NYU will host “Italian Fascism’s Empire Cinema,” a panel discussion, on Thurs., April 9, 5:30 p.m. at Casa Italiana Zerilli-Marimò.

Graphic with text "Italian Fascism's Empire Cinema"
NYU will host “Italian Fascism’s Empire Cinema,” a panel discussion, on Thurs., April 9, 5:30 p.m. at Casa Italiana Zerilli-Marimò. The event will draw from the findings of Professor Ruth Ben-Ghiat, author of an award-winning book of the same name.

New York University will host “Italian Fascism’s Empire Cinema,” a panel discussion, on Thurs., April 9, 5:30 p.m. at NYU’s Casa Italiana Zerilli-Marimò (24 West 12th Street [between 5th and 6th Avenues]).

Even casual observers of film history are aware of the Third Reich’s relationship with the German film industry—but what about its Axis ally Italy? How did it develop under fascism? How did it serve the interests of the regime?

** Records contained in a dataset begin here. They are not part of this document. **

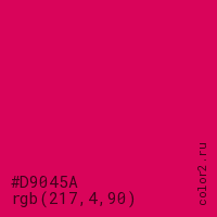 Цвет #D9045A в цветовой модели RGB обозначается тремя октетами (217, 4, 90) в десятичном формате и #D9045A в шестнадцатиричном (hex) формате, которые являются интенсивностью красного 217 (hex D9), интенсивность зелёного 4 (hex 04) и интенсивность синего 90 (hex 5A).
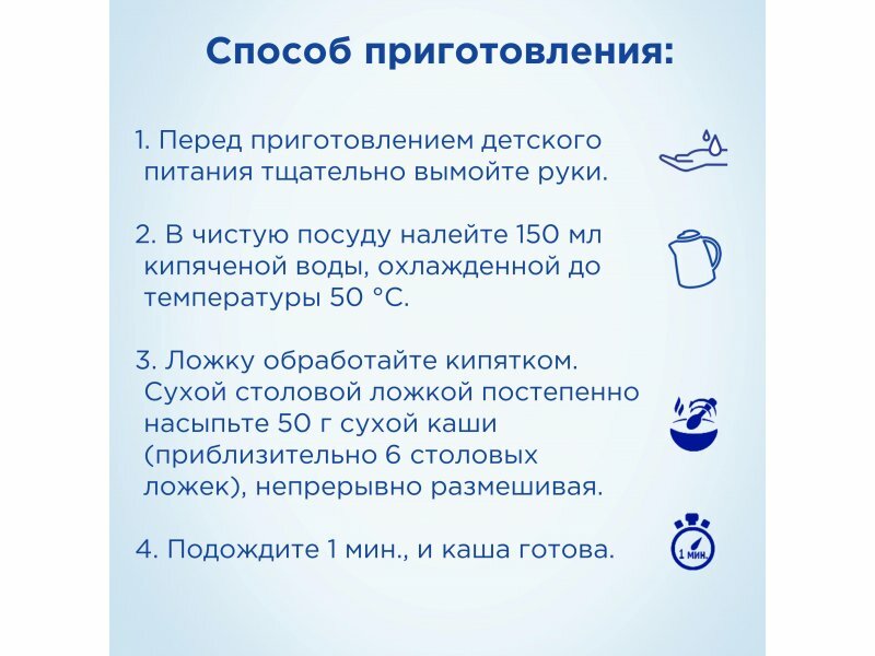 Тк аллергии не вызвало Легкорастворимая без комочков Ароматная и вкусная ребёнок есть с удовольствием |
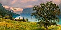 Oude boerderijen aan het Lovatnet-meer in de Lodalen-vallei bij zonsopgang, dicht bij het dorp Loen in de provincie Sogn og Fjordane, Noorwegen

Few people know that many of Italian cinema's leading lights, from Federico Fellini to Roberto Rossellini to Michelangelo Antonioni, got their start in the Fascist film industry.

In the award-winning Italian Fascism’s Empire Cinema, Ruth Ben-Ghiat, a professor of Italian Studies and history at NYU, offers the first in-depth examination of the feature and documentary films made by Rossellini and others about Italy’s African and Balkan occupations during Mussolini’s dictatorship.

At the event, Ben-Ghiat, along with Richard Peña, former director of the New York Film Festival and a professor at Columbia University, Joseph Luzzi of Bard College, and Stanislao Pugliese of Hofstra University will discuss the link between Mussolini’s regime and the Italian film industry.

The event is free and open to the public; admission is on a first-come, first-served basis. For more information, please call 212.998.8739. Subways: 4, 5, 6, L, N, Q, R (Union Square).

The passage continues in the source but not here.